Evolution of spin excitations into the superconducting state in FeTe1-xSex

TL;DR

This study investigates the spin excitation spectrum in FeTe1-xSex compounds, revealing incommensurate excitations linked to superconductivity and suggesting a possible common magnetic origin with cuprates.

Contribution

It provides inelastic neutron scattering data showing the evolution of spin excitations into the superconducting state in FeTe1-xSex, highlighting similarities with cuprate superconductors.

Findings

Spin fluctuations are dominated by incommensurate excitations near (1/2,1/2).

Spin excitations extend to energies above 300 meV.

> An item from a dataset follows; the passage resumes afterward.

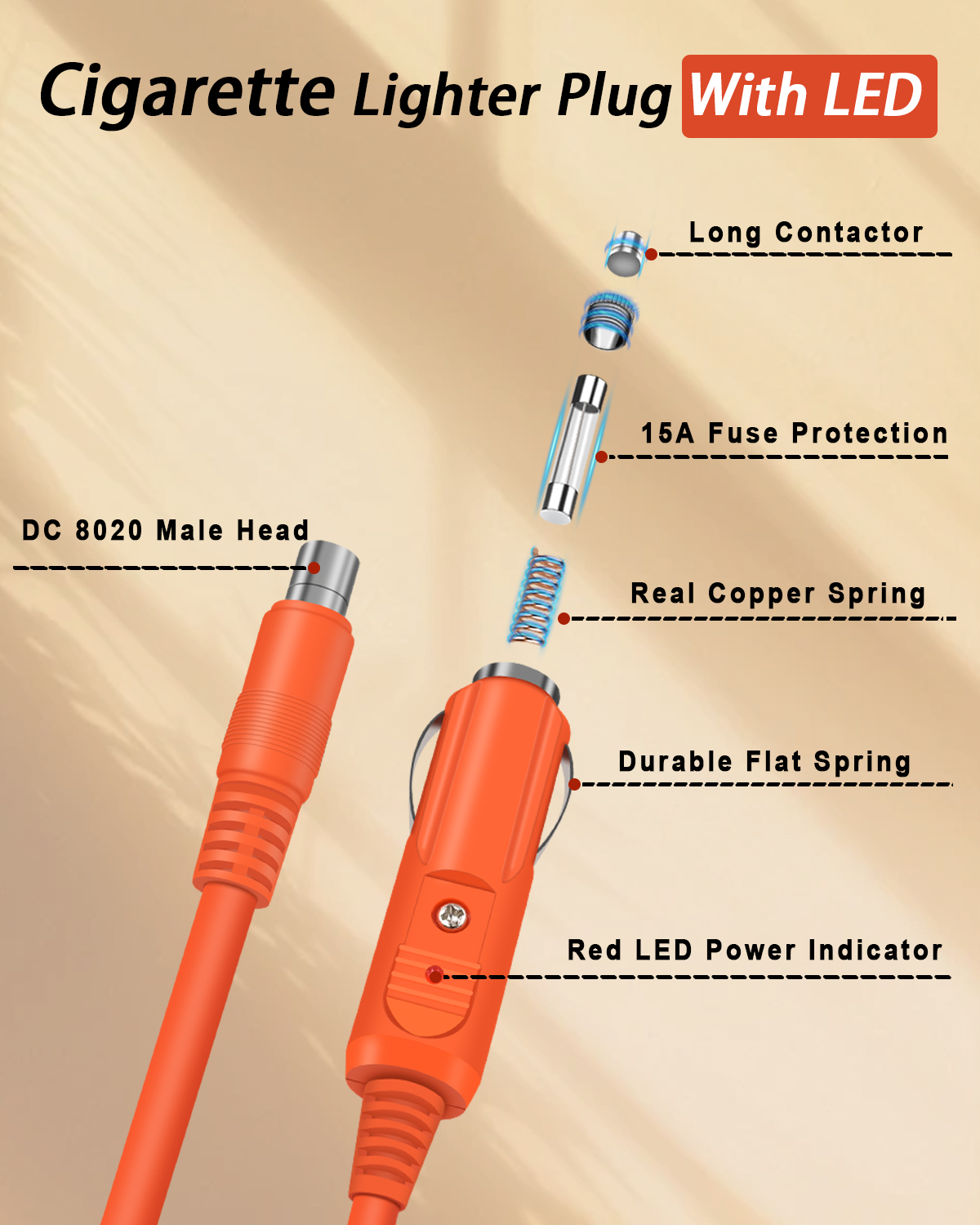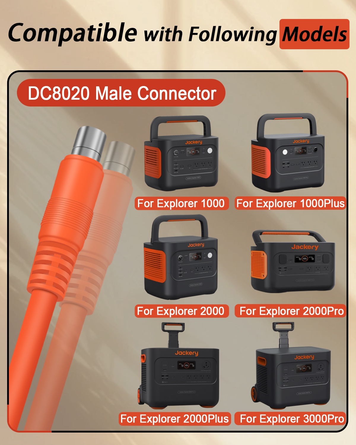 • Compatible Models - This cigarette lighter car charging cable compatible with Jackery Explorer 3000 Pro 2000 Plus 2000 Pro 2000 v2 2000 1500 Pro 1500 1000 Pro 1000 v2 1000 Portable Power Station and more other brands or models with DC 8020 input port portable power station.

Magnetic excitations exhibit four-fold symmetry similar to cuprates.

Abstract

The nature of the superconducting state in the recently discovered Fe-based superconductors1-3 is the subject of intense scrutiny. Neutron scattering investigations have already elucidated a strong correlation between magnetism and superconductivity in the form of a spin resonance in the magnetic excitation spectrum4-7. A central unanswered question concerns the nature of the normal state spin fluctuations which may be responsible for the pairing mechanism. Here we show inelastic neutron scattering measurements of Fe1.04Te0.73Se0.27, not superconducting in bulk, and FeTe0.51Se0.49, a bulk superconductor. These measurements demonstrate that the spin fluctuation spectrum is dominated by two-dimensional incommensurate excitations near the (1/2,1/2) (square lattice (pi,0)) wavevector, the wavevector of interest in other Fe-based superconductors, that extend to energies at least as high as 300 meV. Most importantly, the spin excitations in Fe1+yTe1-xSex exhibit four-fold symmetry about the (1,0) (square lattice (pi,pi)) wavevector and are described by the identical wavevector as the normal state spin excitations in the high-TC cuprates8-12 demonstrating a commonality between the magnetism in these classes of materials which perhaps extends to a common origin for superconductivity.